Z3/H4 ROLL TRACKER: According to Quantitative Brokers, the roll from Dec'23 to Mar'24 futures is 18.8% complete for ZT, 18.5% for ZF, 16.4% for ZN, 18.1% for TN, 17.4% for ZB, and 14.6% for UB ahead of First Intention Day on Nov 29th. Roll progress is running quicker than usual likely due to the approaching Thanksgiving holiday.
INFLATION BREAKEVENS: 5yr BEI -6bps at 2.212%, 10yr BEI -5.5bps at 2.265%, 30yr BEI -4.5bps at 2.355%.
THE DAY: The bull-flattening after the strong 20yr auction extended into the APAC Tuesday session, with two block flatteners seen in Tokyo trade: 16.4k ZF/5.4k ZB followed by 8.1k ZF/1.7k. T-Notes hit resistance at 109-01+ heading into the London handover before the long end saw some pullback as European trade got underway.
As stateside trade began, the short end played catch up to the duration strength, coming amid the concerning consumer commentary from Best Buy (BBY). There was some selling pressure after the rise in the Philly Fed's services survey, released alongside the CAD CPI data which came in slightly on the soft side (but not as large a miss as some of the US figures), and T-Notes printed session lows of 108-23+ before recovering later in the NY morning.

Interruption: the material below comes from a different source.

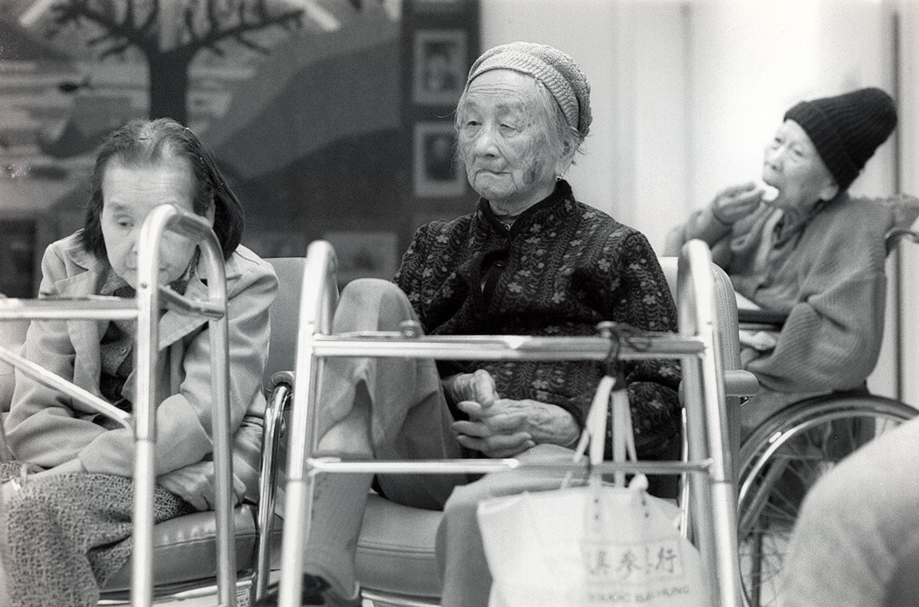 San Francisco's On Lok Senior Health Services day care program in the 1970s include seniors with their walkers.

Session highs of 109-03+ were printed not long after the print of 13yr lows in the October existing home sales, with some spillover strength from EGBs on the reduced German spending outlook amid the German government blocking the Economic Stabilization Fund. However, a fresh bout of selling occurred in wake of the poor 10yr TIPS auction (tailed by 3.5bps) with the earlier lows tested (108-23+) after the mixed FOMC minutes, only to recover into the settlement as the details were scoured.
STIRS:
- SR3Z3 -0.25bps at 94.615, H4 +0.5bps at 94.755, M4 +1.5bps at 95.00, U4 +2.5bps at 95.295, Z4 +4bps at 95.62, H5 +4.5bps at 95.91, M5 +5bps at 96.12, U5 +4.5bps at 96.24, Z5 +4bps at 96.285, Z6 +1bps at 96.26, Z7 -0.5bps at 96.15.
- SOFR fell to 5.31% as of Nov 20th from 5.32%, volumes rose to USD 1.621tln from 1.587tln.

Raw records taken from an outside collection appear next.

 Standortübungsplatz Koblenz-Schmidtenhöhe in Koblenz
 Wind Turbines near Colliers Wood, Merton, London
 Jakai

- NY Fed RRP op demand at USD 0.931tln (prev. 0.953tln) across 95 counterparties (prev. 95).
- EFFR flat at 5.33% as of Nov 20th, volumes rose to USD 101bln from 98bln.
- US sold USD 75bln of 41-day CMBs at 5.285%, covered 2.96x.
- US announced cuts to its 4- and 8-week bill auction sizes to USD 85bln and 80bln from 95bln and 85bln, respectively, whilst leaving its 17-week unchanged at USD 56bln; all to be sold on Nov 22nd and settle on Nov 28th.
CRUDE
WTI (F4) SETTLED USD 0.06 LOWER AT 77.77/BBL; BRENT (F4) SETTLED USD 0.13 HIGHER AT 82.45/BBL
Oil prices were choppy in thin ranges Tuesday, taking some pause after the recent recovery rally ahead of the Sunday OPEC+ meeting. There is also a strong "holiday feel" to markets ahead of Thanksgiving, with traders looking to book square early. There were no major energy catalysts on Tuesday, although Argus did cite an official in the Iraqi/Kurdistan region as playing down the prospect of an imminent restart of crude exports via the Iraq-Turkey pipeline. Elsewhere, the Iranian Oil Minister announced that the country's production will reach 3.6mln BPD in March 2024, and is aiming for 4mln BPD for the next fiscal year. IEA's Birol was also on wires, saying that even if the OPEC+ oil production cuts are extended into 2024, the body still sees a slight surplus in the global market balance, but did say we are in a deficit currently with all stocks drawing at a fast rate. On which, participants now look to the US energy inventory data with the private release due later on Tuesday ahead of the official EIA figures on Wednesday. Current expectations (bbls): Crude +1.2mln, Gasoline -0.2mln, Distillates -0.8mln.
EQUITIES
CLOSES: SPX -0.20% at 4,538, NDX -0.58% at 15,933, DJIA -0.18% at 35,088, RUT -1.32% at 1,783.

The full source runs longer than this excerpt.